### Exercise
For this exercise, retype all the data exactly and exclude every image.

### Data extract
┄┄┄┄┄┄┄┄┄┄

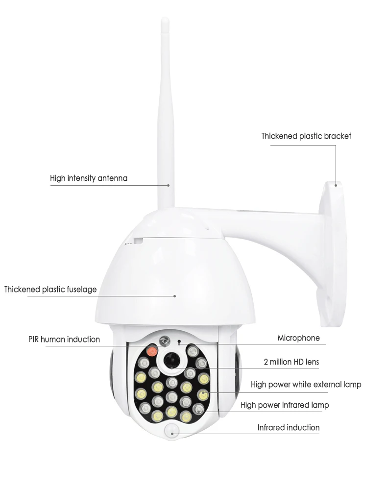 Поддержка интеллигентая (ый) отслеживание, сигнализация, запись, аудио запись, воспроизведение видео, система двухсторонней голосовой связи, вверх и вниз, простота в использовании, облачное хранилище, звук и светильник, сигнализация, мониторинг в реальном времени, мобильный/звуковой сигнал, нажатием одной кнопки сброса проводные сети, мобильный телефон фото/видео, Точка беспроводного доступа соединения.
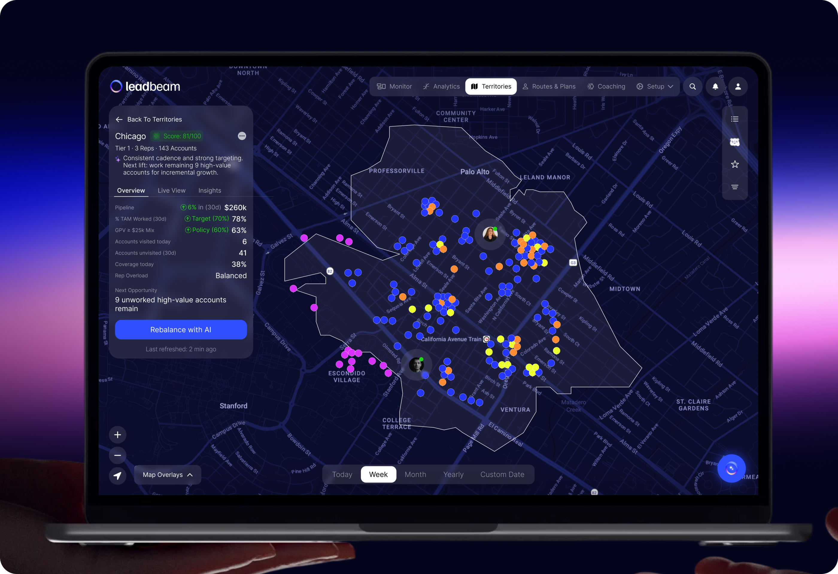 See every territory potential, every gap, every hot spot. Reallocate, expand, or justify the next headcount with real data.
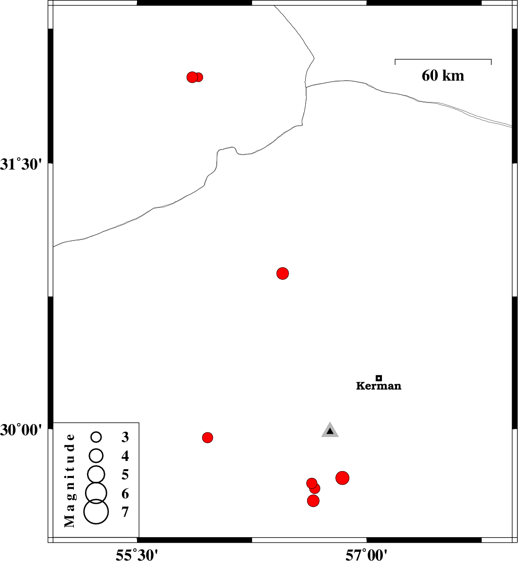 | 2010/08/09 | 04:15:21.7 | 08:45:21.7 | 29.69 | 56.64 | 15 | ML:3.1 | Kerman Province, 27 km South of Bardsir | ||
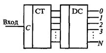 . По мере поступления импульсов на вход С счетчика СТ на его выходах меняется комбинация сигналов, поступающих на входы дешифратора DC. Сигнал переходит последовательно с одного выхода дешифратора на другой. В распределителях могут быть использованы одно- или многоступенчатые дешифраторы. Одноступенчатые дешифраторы в распределителях применяются при числе выходов N<16 (реже при N = 32). При

┄┄┄┄┄┄┄┄┄┄

### Solution to the problem
 Поддержка интеллигентая (ый) отслеживание, сигнализация, запись, аудио запись, воспроизведение видео, система двухсторонней голосовой связи, вверх и вниз, простота в использовании, облачное хранилище, звук и светильник, сигнализация, мониторинг в реальном времени, мобильный/звуковой сигнал, нажатием одной кнопки сброса проводные сети, мобильный телефон фото/видео, Точка беспроводного доступа соединения.
 See every territory potential, every gap, every hot spot. Reallocate, expand, or justify the next headcount with real data.
 | 2010/08/09 | 04:15:21.7 | 08:45:21.7 | 29.69 | 56.64 | 15 | ML:3.1 | Kerman Province, 27 km South of Bardsir | ||
 . По мере поступления импульсов на вход С счетчика СТ на его выходах меняется комбинация сигналов, поступающих на входы дешифратора DC. Сигнал переходит последовательно с одного выхода дешифратора на другой. В распределителях могут быть использованы одно- или многоступенчатые дешифраторы. Одноступенчатые дешифраторы в распределителях применяются при числе выходов N<16 (реже при N = 32). При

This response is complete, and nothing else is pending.